Barrera brought a new combination to Saturday’s fight with Arias – lead left hook, right cross – and thirty seconds into the first round, Barrera loosed the opening volley of this two-punch combination on Arias, but Barrera did not get a chance to complete the combo because Arias, surprised that someone looking as Barrera did could move so quickly, was caught unawares and dropped to the mat then collected himself and made a good match of the next two minutes.
In the next round, though, Barrera spun Arias and hit him with angry right hands behind the left ear and a few spiteful left hooks that Barrera muscled much as Barrera threw them, and Arias was down for the second time in the fight, in the opening minute of the second round, and before he could make much of a contest of that round, Barrera had him staggered again and stayed on the assault till the referee stepped between the men and ensured the Jaliscienses who’d gathered to see Barrera prevail saw just that.

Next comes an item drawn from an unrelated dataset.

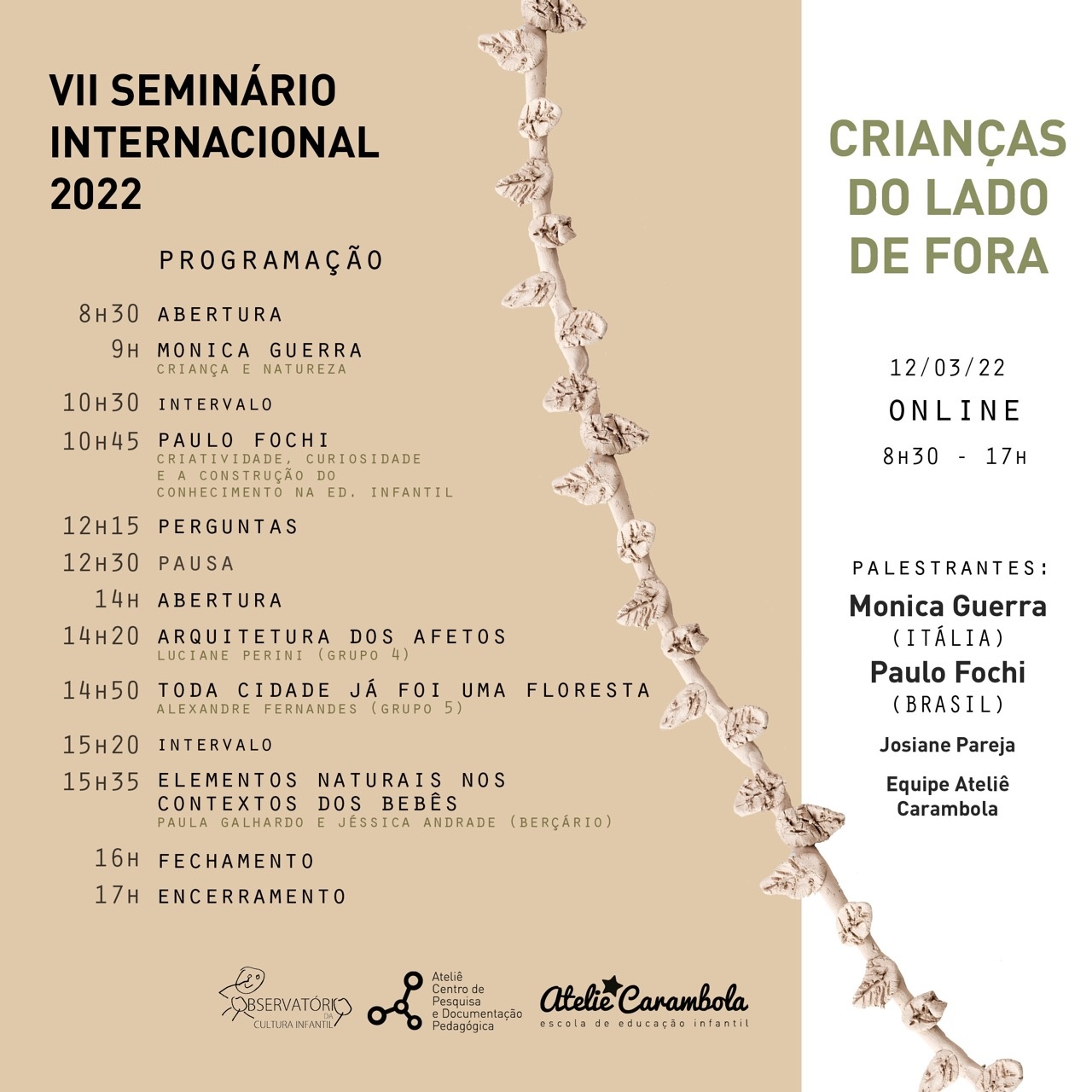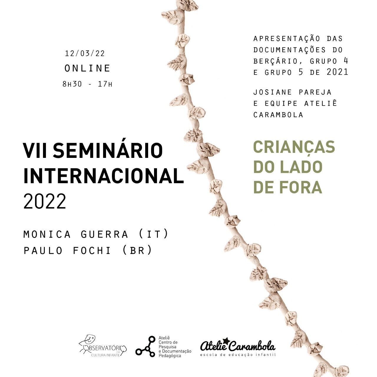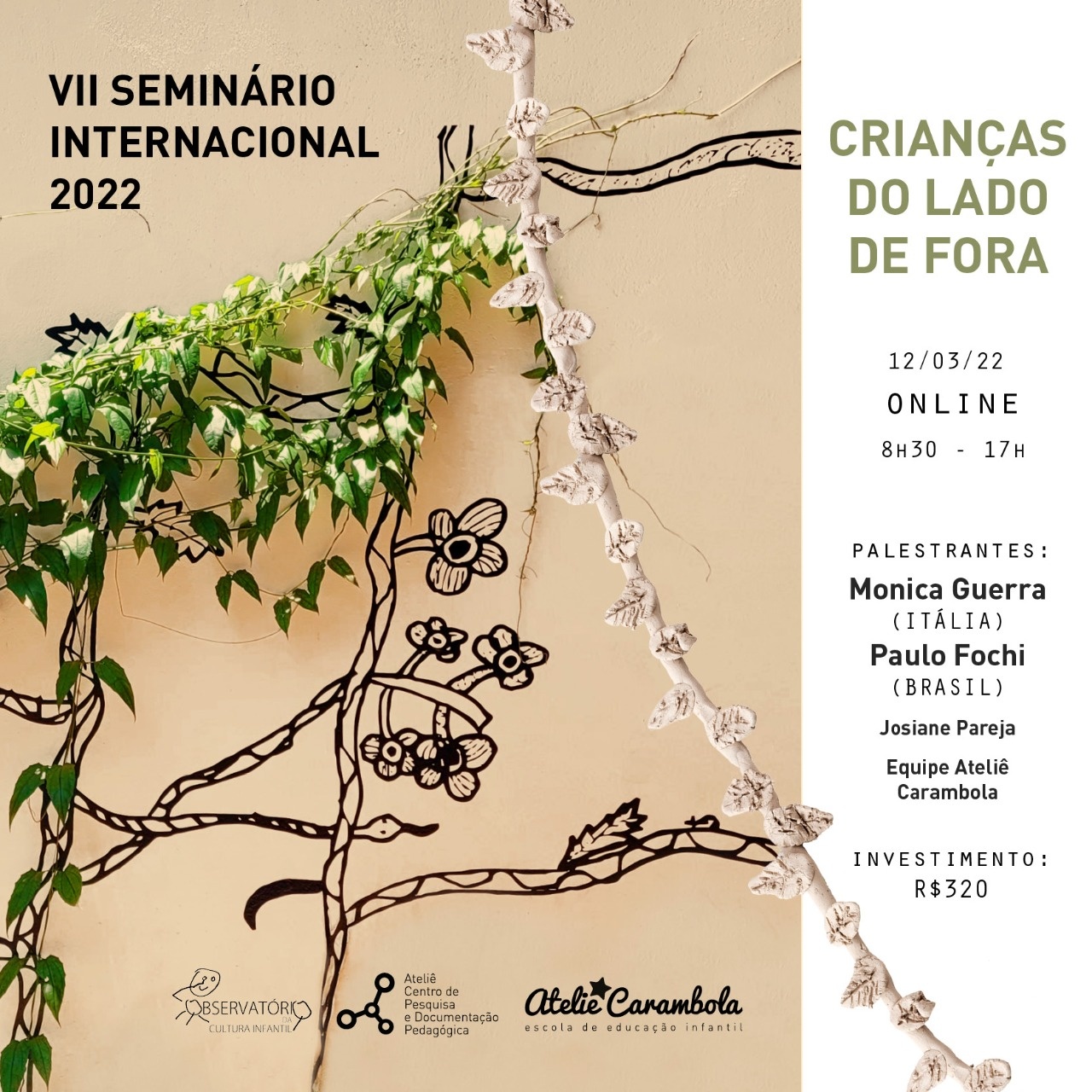 Com muita alegria anunciamos o VII Seminário Internacional, CRIANÇAS DO LADO DE FORA do Ateliê Centro de Pesquisa e Documentação Pedagógica em parceria com a Ateliê Carambola Escola de Educação Infantil e o OBECI - Observatório da Cultura Infantil.

For the five minutes of Saturday’s fight, Barrera was big and sloppy but did enough to make a point – just like those sentences above.

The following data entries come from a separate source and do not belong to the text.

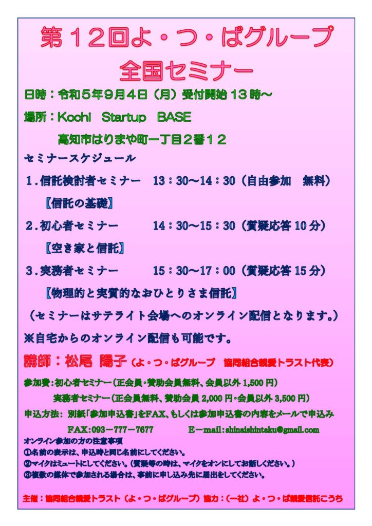 【福岡】一般社団法人よ・つ・ば親愛信託普及連合
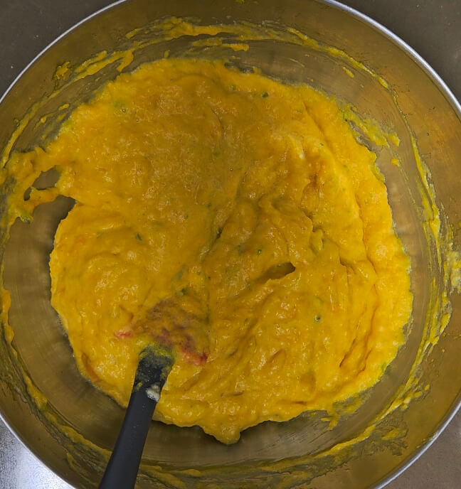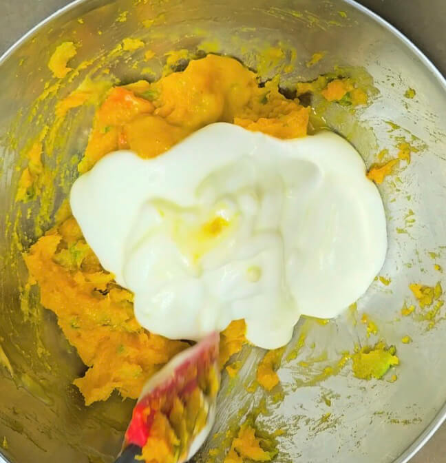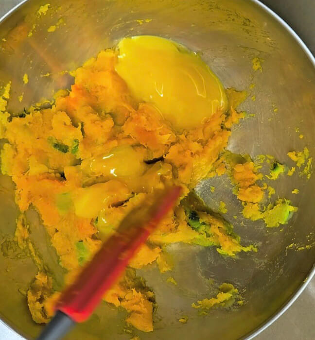 분리해 둔 계란 노른자는 으깬 단호박에 섞어주고 잘 섞어줍니다. 뒤이어 계란 흰자 머랭을 넣어주고 잘 섞어줍니다.
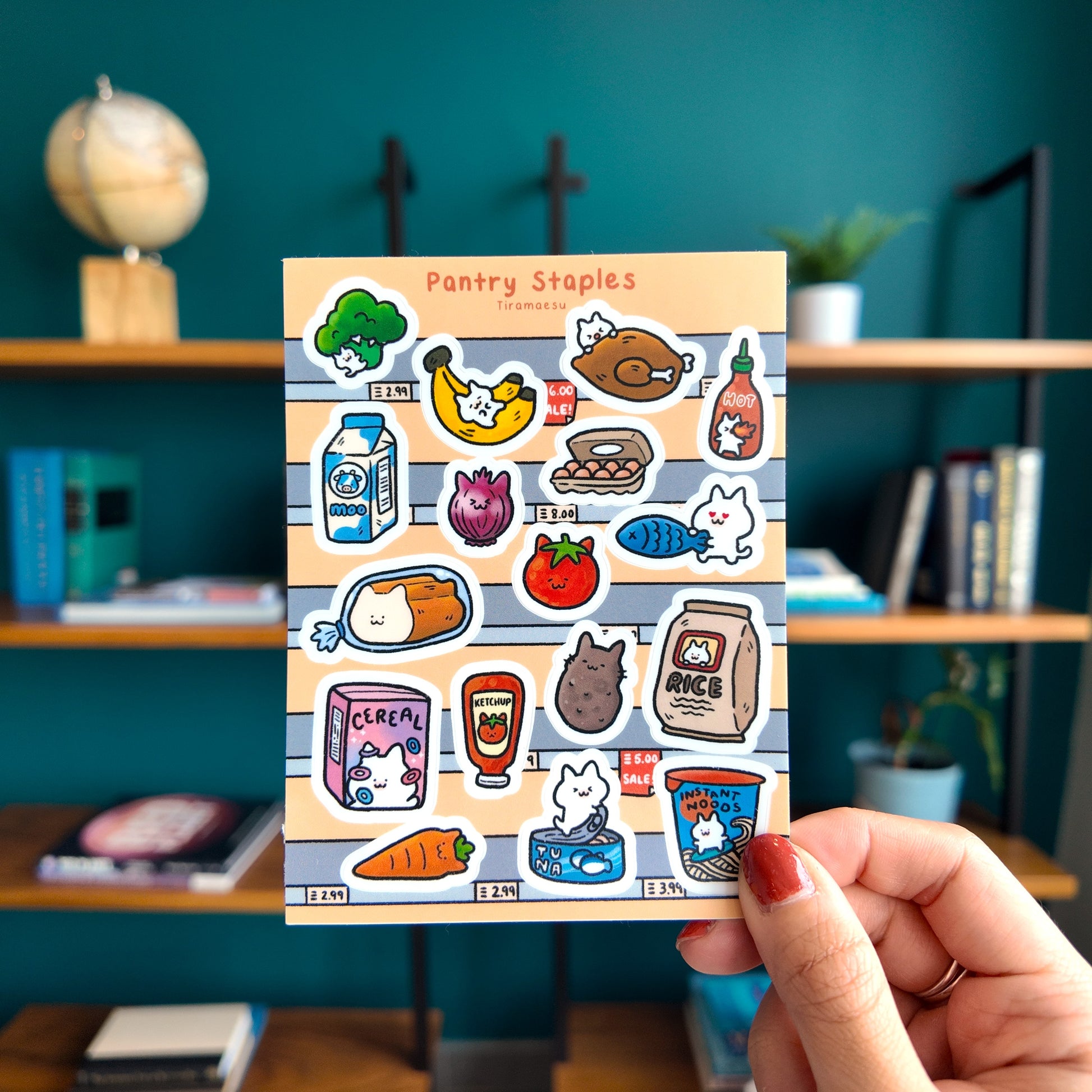 Do you like cute food stickers? This pantry staples sticker sheet is perfect for you! The sticker sheet features a lot of must-have pantry items for the home. Decorate your notebook or journal with these cute deco stickers!

Then there was that abortive thing that happened in Barrera’s match with Amir Khan in England – the coming out party for Khan’s new style under trainer Freddie Roach. A gory gash caused by an accidental headbutt that should have seen the fight stopped early continued to gush blood all about Barrera’s face till the fourth round was in the books – Barrera’s name was on Khan’s resume – and the doctor could decide, quite predictably, that enough was enough and it was time to go to the jolly good scorecards.
In San Antonio 15 months after the Khan debacle, Barrera was signed with a new promoter, Top Rank – once more feuding with Golden Boy Promotions but proud of its acquisition of De La Hoya’s first partner – and the prefight line, in English, was that Barrera had returned to the beautiful sport to become the first Mexican to win championships in four weight classes. In Spanish, of course, Barrera laughed that one off and said it was about “erasing” the Khan match and giving Mexicans a last chance to see Marco Antonio Barrera.

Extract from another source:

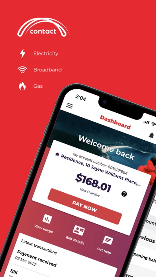 With the Contact app, keep an eye on your account wherever you might be, anytime you like. If you’re a Contact customer with an online account, use the app to:
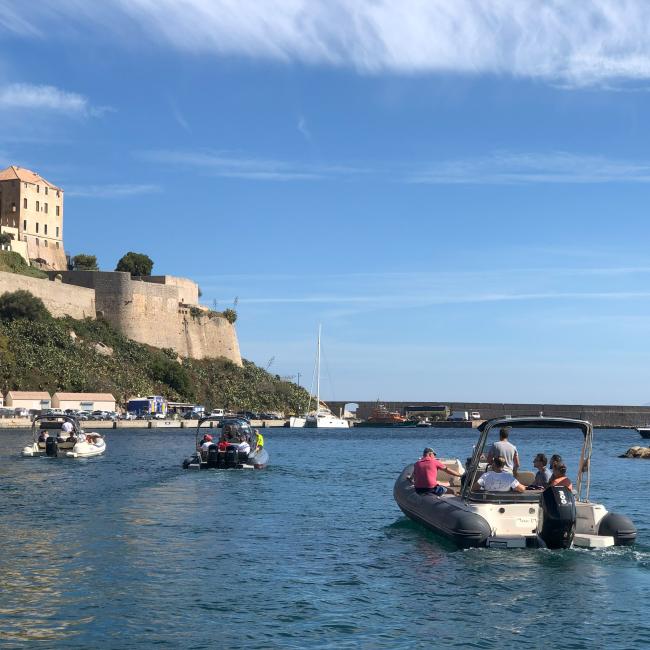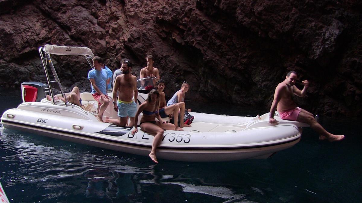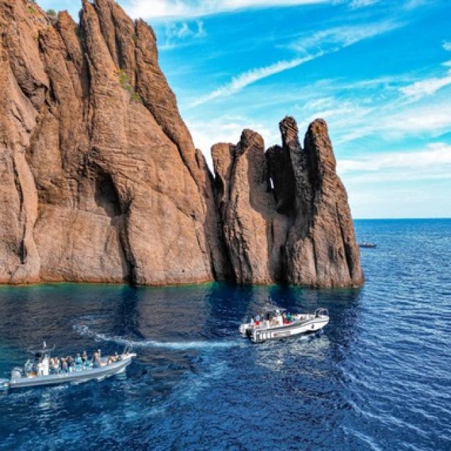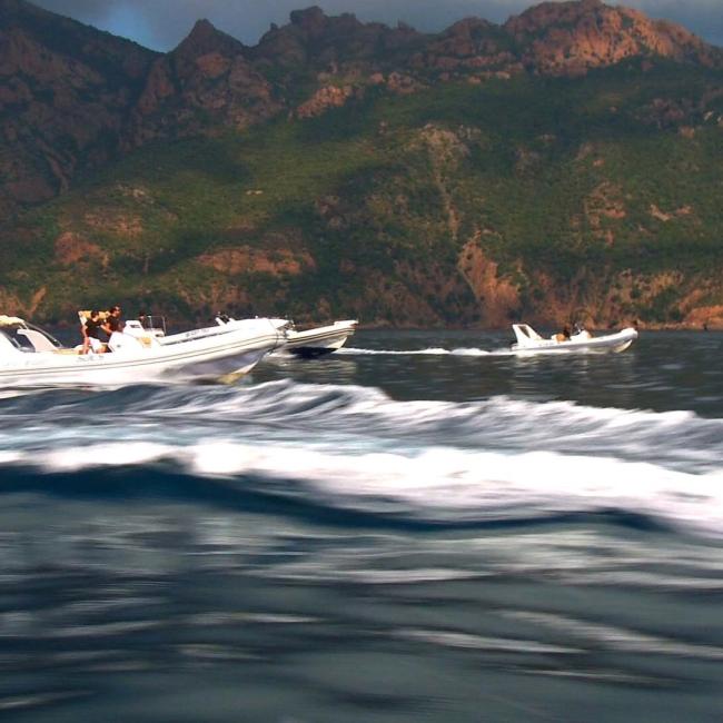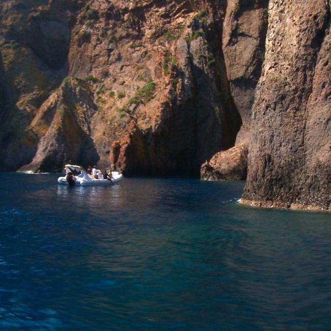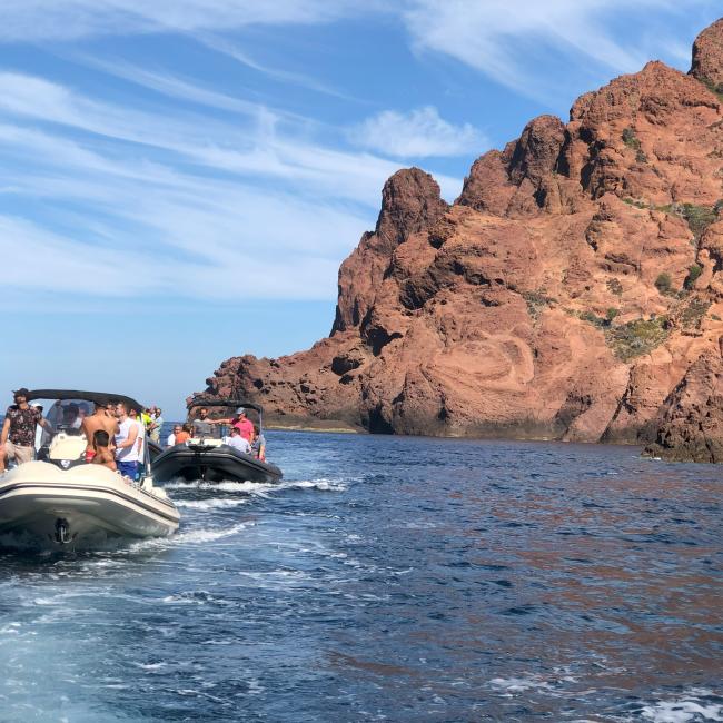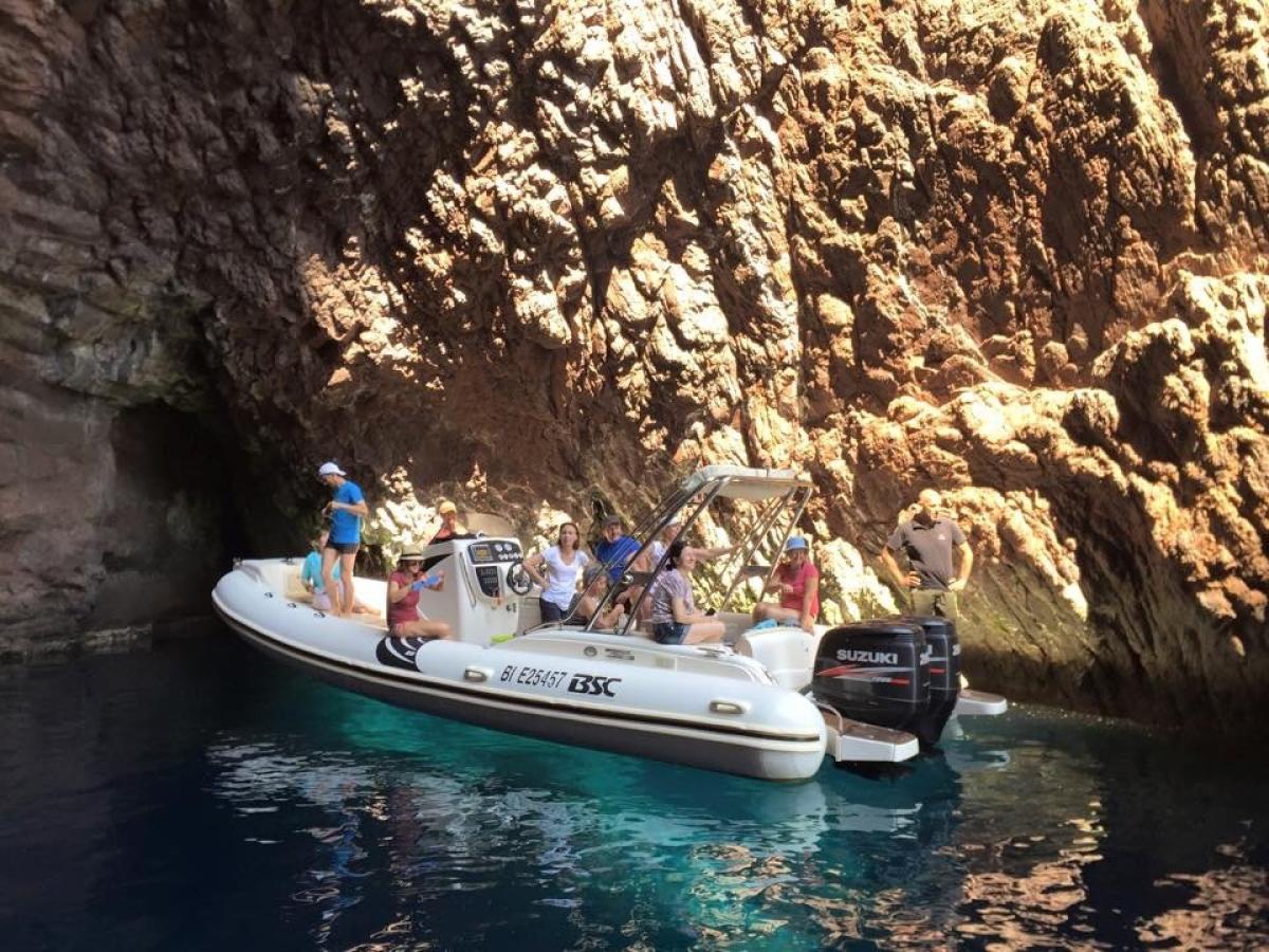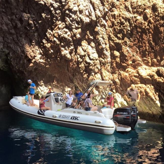 Departing from the marina of Calvi, or from the small fishing port of Galéria where we have been established for 15 years, we set off aboard semi-rigid boats of exceptional size. The Tra Mare e Monti guides on board, all of Corsican origin, seat each participant on comfortable benches before presenting the schedule of the day and the proposed destination.

And that was the last time Barrera’s continuing journey made any sense whatever. Saturday, fighting on Fox Deportes – part of your local cable provider’s Español package – Barrera doubtfully made one percent the purse Barrera’d earned for Barrera’s fight with Marquez four years ago. It’s not about money, in other words; there is no cupidity in this comeback.
And it’s not about Barrera’s inability to do something else, either. Barrera is smart as any prizefighter you’ll meet. No, Barrera’s odyssey through the margins of prizefighting, anymore, appears to be about a lack of imagination. Barrera simply can’t be bothered to think of something better to do with Barrera’s time or talents.